= Dwight Boyer =

American historian (1912–1978)

Dwight Boyer (November 18, 1912 in Elyria, Ohio - October 15, 1978 in Willoughby, Ohio) was a reporter and marine historian of the Great Lakes. He wrote for The Blade (Toledo, Ohio) from 1944 to 1954, and for The Plain Dealer (Cleveland, Ohio) from 1954 to 1978.

Boyer specialized in feature-length narratives of life aboard Great Lakes lake freighters, often concentrating on stories of mystery and disaster. He published five volumes of stories about Great Lakes shipping, described by one source as being marked by a mixture of "technical data" and "engrossing narrative". He had many friends in the shipping trade and among the newsgatherers of the Great Lakes ports, and carefully weighed the information they gave him. He excelled in constructing a conjectural trajectory for the cargo vessels that disappeared in the great storms of the past, never being seen in again in their home port or any other harbor of refuge.

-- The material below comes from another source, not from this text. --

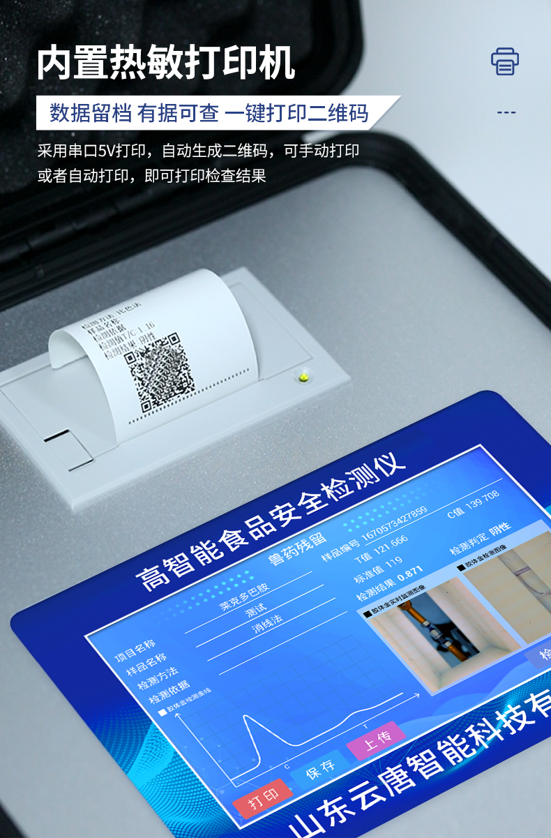 3、新一代高速熱敏打印機(jī),檢測完成可自動(dòng)打印檢測報(bào)告和二維碼。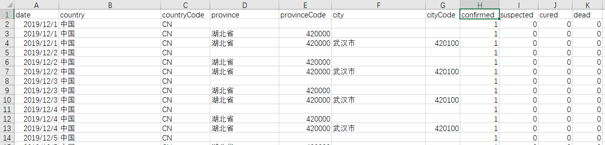 数据的列名分别为:date:日期,country:国家,countryCode:国家简写,province:省级地区,provinceCode:省级地区邮政编码,city:城市,cityCode:城市邮政编码,confirmed:确诊病例,suspected:疑似病例,cured:治愈病例,dead:死亡病例。从纵向来看:数据以时间为轴,记录了全世界疫情情况,总共229061条数据。数据从可追溯的2019.12.1的第一个病例开始到2020.12.8

Dwight Boyer discussed the 1882 foundering of the SS Asia, the 1924 vanishing of the whaleback with all hands, the 1927 disappearance of the package freighter SS Kamloops, the 1929 foundering of the car ferry SS Milwaukee, and the 1942 sinking of the crewed barge Cleveco in Ghost Ships of the Great Lakes (1968), and retold an account of the 1975 disappearance of the SS Edmund Fitzgerald in his last book, Ships and Men of the Great Lakes (1977).

==Bibliography==
- Great Stories of the Great Lakes (1966)
- Ghost Ships of the Great Lakes (1968)
- True Tales of the Great Lakes (1971)
- Strange Adventures of the Great Lakes (1974)
- Ships and Men of the Great Lakes (1977)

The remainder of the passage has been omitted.